# Ford 1510 front axle seal blow



## Asymair95 (Nov 22, 2017)

My 4wd ford 1510 has developed a leak on the front axle spindle upright gearbox. 



I believe this is repairable with general hand tools, but wanted to hear from anyone who may have done it. Any tips before I dig into this thing?
I have also noticed the axle does not vent properly. When I remove the fill plug dipstick I can usually hear air escaping like the axle is slightly pressurizing. I’ve looked all over axle and can’t find a vent anywhere. Anyone else have this problem? Here is a shot of the fill plug.
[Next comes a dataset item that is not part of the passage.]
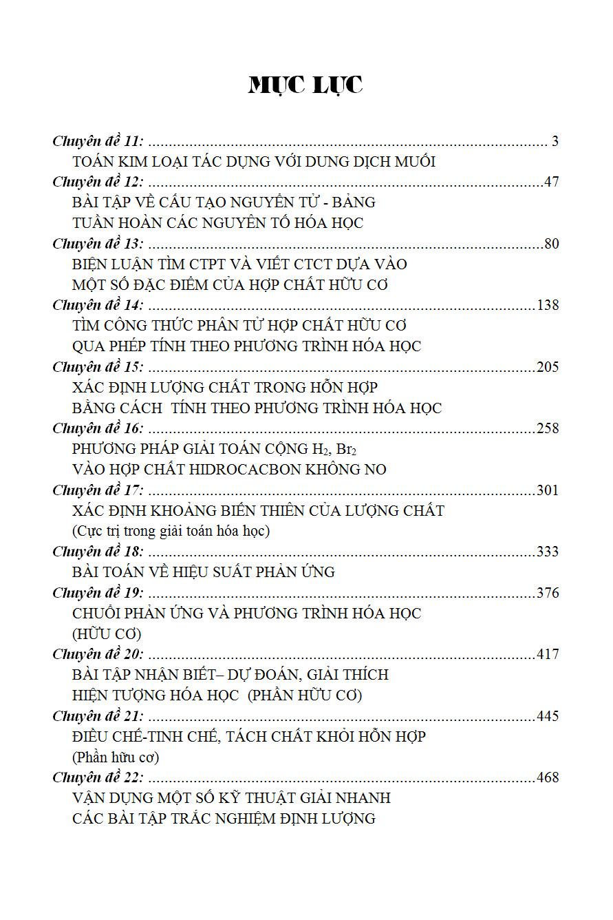 - Tập 1 (vô cơ): gồm 10 chuyên đề hóa học vô cơ vừa căn bản vừa chuyên sâu với những bài tập hay, khó, phương pháp giải hay và sáng tạo. Ở tập này, chúng tôi còn giới thiệu một số bài viết hay được đăng trên Tạp Chí Hóa học và Ứng dụng trong năm 2015.

Thank you for any help you can give me.


----------



## RC Wells (Dec 26, 2008)

You will want the repair manual before you tear into the unit. Usually a simple repair. However, from your photo I do not see enough oil leakage to be of concern. Just keep the front axle and axle end gearbox filled and watch the level.
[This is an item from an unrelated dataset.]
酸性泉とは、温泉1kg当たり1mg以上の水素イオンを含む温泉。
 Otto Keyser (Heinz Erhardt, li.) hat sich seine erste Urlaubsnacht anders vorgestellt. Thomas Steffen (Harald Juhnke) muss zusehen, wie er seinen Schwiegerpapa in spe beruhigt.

There is an oil plug, item 61 in the attached diagram, check axle end gearbox oil level there: https://partstore.agriculture.newholland.com/us/parts-search.html#epc::mr54189ar259022


----------



## Asymair95 (Nov 22, 2017)

Thank you. I do have a service manual, but wanted to hear from someone who had done the repair for any tips. It doesn’t look too bad in the manual, but looks can be deceiving. The venting issue is also a concern.


----------



## RC Wells (Dec 26, 2008)

No vent, keeps dirt from entering. Also why they seep a bit.


----------



## Asymair95 (Nov 22, 2017)

Gotcha, thank you. So I should maybe just leave it and keep an eye on fluid level?


----------



## RC Wells (Dec 26, 2008)

That is what do. Worked for years that way. Just keep the pressure washer away from the front units when they are warm. They will cool and pull moisture in the seals and then rust and really leak. I do not pressure wash any equipment when it is warm, just blow it out with air and wash when it is cold. Never lose seals or hydraulics that way.


----------



## Asymair95 (Nov 22, 2017)

Thank you, will keep an eye on it.


----------